テーブルにうつ伏せになって寝ているのは遊璃。ベッドで寝息を立てているのが颯太。壁際に背を凭れさせているのが直弥。そしてそのそばでフワフワと漂うのが颯太の魂だ。
「さてと。準備は整ったな。あとは、あちらさんが来るのを待つだけ」
「本当に上手くいくかなぁ……」
颯太は夕方ぶりの魂状態の自分の身体を見下ろした。

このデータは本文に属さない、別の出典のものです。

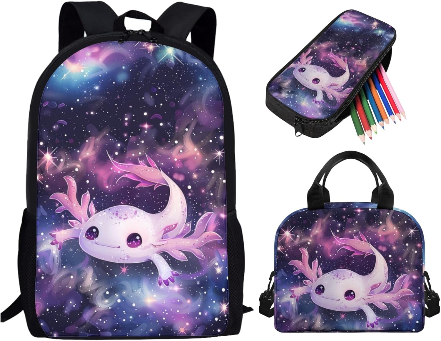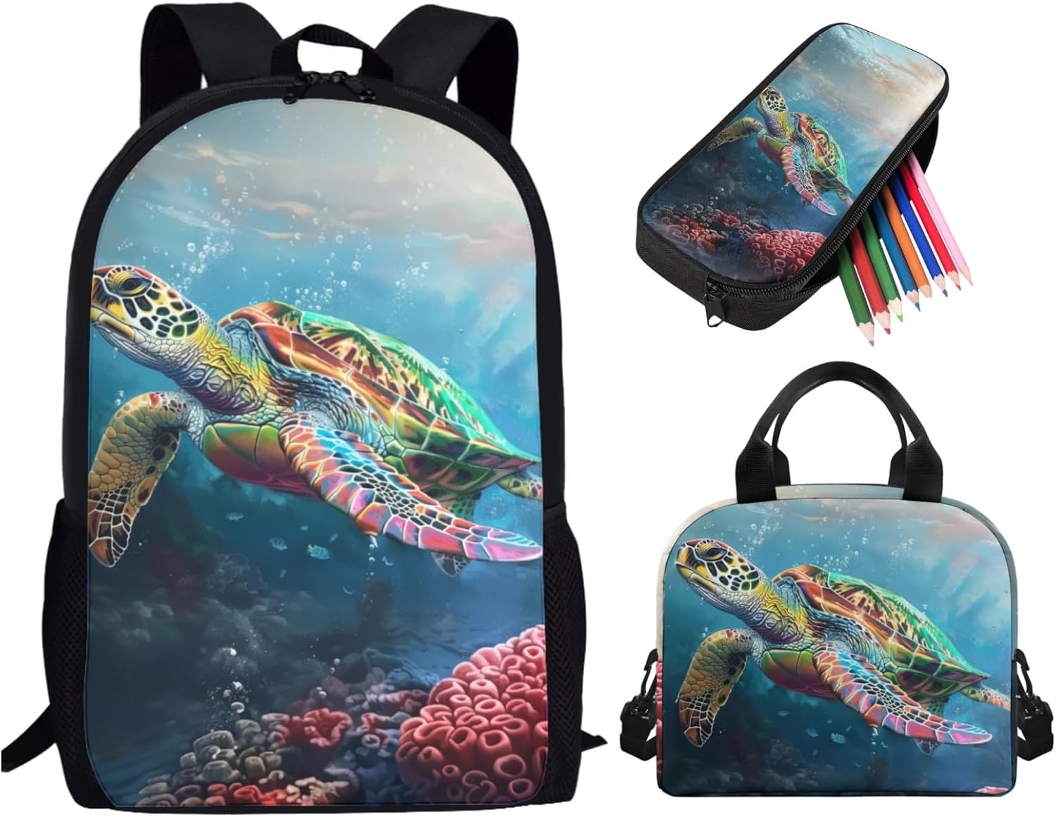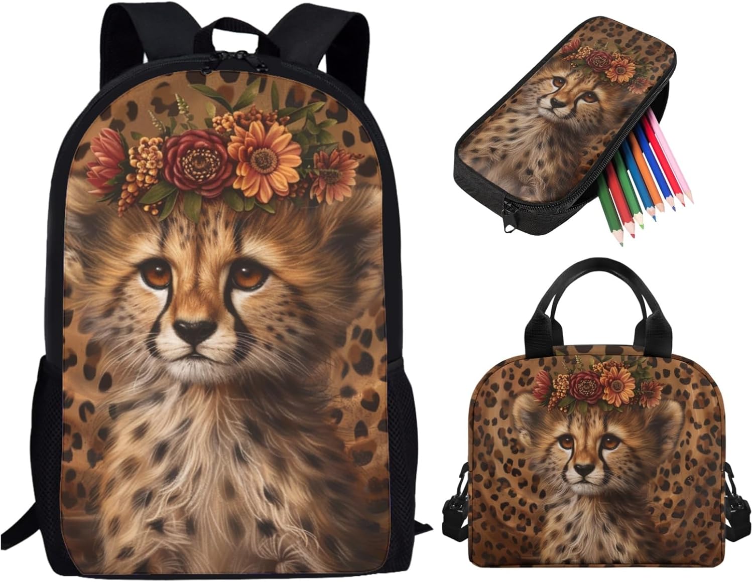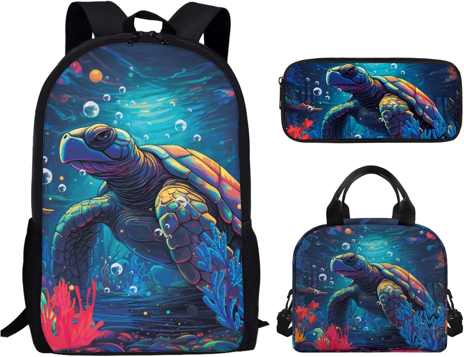 1.Backpack Dimension:17.3*11*5.1 inches 2.Lunch Bag Dimension:9.1*8.2*5.1 inches 3.Pencil Case Dimension: 8.2*3.9*1.2 inches Note: 1.This kids backpack set is hand washable, but please pay attention that school backpack set can neither be bleached nor be immersed for a long time. Besides, the temperature of the detergent should be lower than 45℃ 2.Please allow a little error (usually 1 to 2 cm) on the size due to different measure methods. 3.Please allow a little color different due to different display or light environment. Our Kids School Backpack Set is suitable for children over 3 years old.

颯太の魂は、寝入って数分で身体と分離するように浮き出てきたらしい。ただ、魂の状態での意識は閉じられていたようで、強引に叩かれたり名前を呼ばれたりするうちに覚醒したのだと直弥は言った。確かに颯太の記憶でも、起きるときに誰かに名前を呼ばれ続けていたような気がする。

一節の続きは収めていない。